Utah Stories introduces you to some of downtown’s most visible, vibrant characters.
Salt Lake City has a population of over 1 million people now. But most are invisible. They drive out of their garages in their cars into the parking lots of their buildings. Very few people ever walk around downtown these days; most just remain cloistered in their cubicles while in the city and hide in their ramblers in the suburbs. But that’s all changing. This past summer there have been so many people to see. As a professional people watcher, I’m always fascinated when I see people who are a bit outside of the norm.
You see them walking, biking, playing and entertaining. You might think, Who are these folks who live downtown? Who actually walks for exercise? Or performs at the Farmer’s Market?
We may get glimpses of their bikes, the way they dress, or how they behave, but too many of us live somewhat insular lives and don’t know many people who aren’t like us. We play it safe and stick to our cliques and social circles and rarely venture out into the wilderness of the strange and unknown. Here is your chance to meet some of the people who are challenging the norm and are maybe living lives quite different from yours. The only thing these people may have in common with you is they all are visible.
The Piano Man
by Jenna Haerr
Eric Rich, 25, leads a charming, alternative life. Every Saturday morning he rides to Pioneer Park to entertain the Farmer’s Market with a stand-up piano trailing behind him along with his partner, Corbin Baldwin. A new tradition this month for Rich & Baldwin is to perform impressionist renditions inspired by their favorite composers.
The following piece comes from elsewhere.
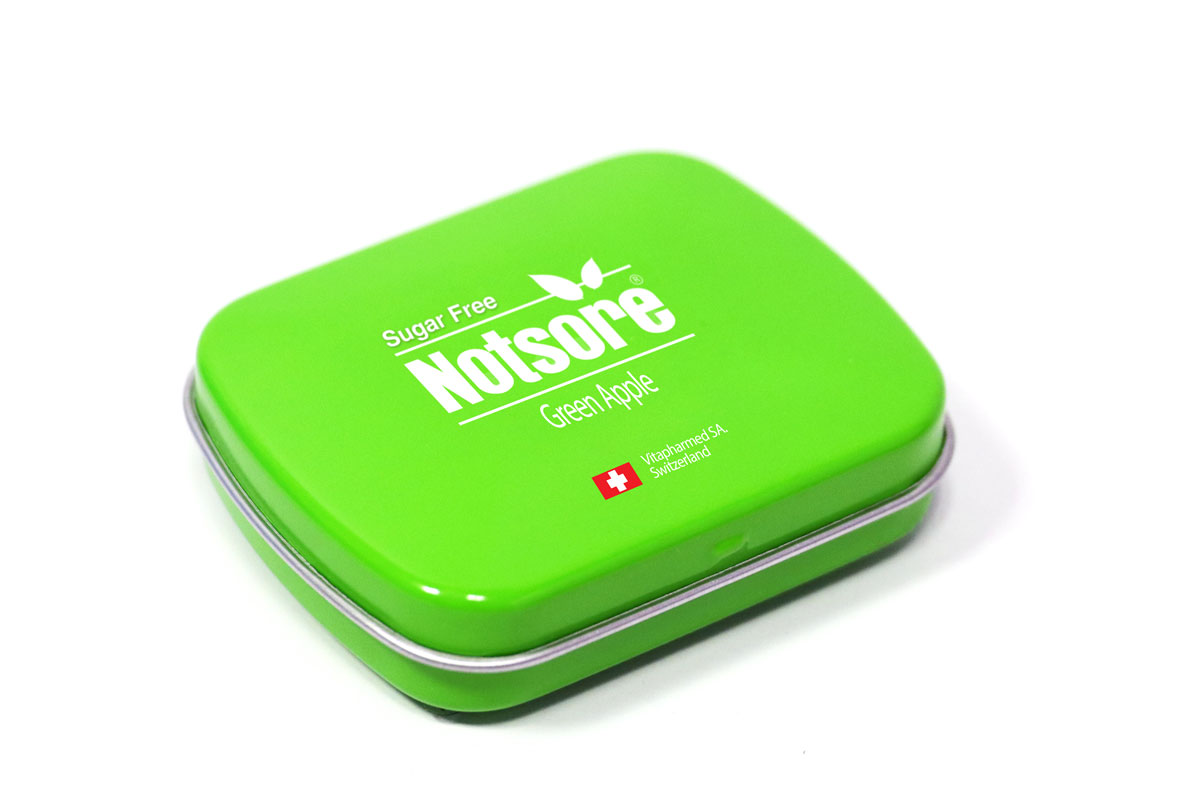 As one of the best produced sugar-free mouth fresheners, NOTSORE brand has always considered quality, innovation and market demands as main visions of business. Sugar free mouth freshener is a diabetic friendly product in designed metal tins with a wide range of flavors, including: peppermint, menthol extra strong, Lemon, Spearmint ice, Wild berry, Spearmints, Green Apple, Mango Passionfruit, Matcha Green Tea, Peach, Strawberry, Orange, Mango, Blackcurrant, Pineapple, and etc.

These performances, though they produce a meager income, suffice to support a communal lifestyle. Rich lives in a house known as the Boing Collective, where the conventions of capitalism are kept to a minimum. For eight years, it has existed as a place of literature & leisure, meant for sharing knowledge and ideas. The Boing Collective boasts its own miniature library, with a wide range of books open to the public. Rich says, “it allows people to feel comfortable in an alienating world.”
Perhaps the most remarkable departure from commercialism is dietary. Rich eats only what he describes as “wasted food,” that which has been deemed to not be saleable by grocery stores. It’s an interesting niche: a window period after conservatively estimated expiration dates, but before actually expiring. Whether donated or scrounged from the bottom of supermarket dumpsters, many in the collective eat for free—sometimes for years at a time. Though rather politically motivated and a direct protest against conspicuous consumption and waste, it is not a martyr’s lifestyle. The food is most typically indiscernible from that of grocery stores, particularly if you like riper varieties. Of course, it helps that Rich’s diet is entirely derived from plants. acquiring your next hamburger in a similar fashion entails greater risk.
To his credit, Rich does not deal entirely with expired food. He is also involved with Food Not Bombs, anorganization in which local grocery stores donate legitimately fresh food for homeless and low-income families. Four days a week, Rich is responsible for collecting the food to distribute it evenly among those in need
Sharing resources is essential to Rich’s survival. “You need favors to survive,” said Rich “some just pay for them.” In other words, if help is needed it will be given.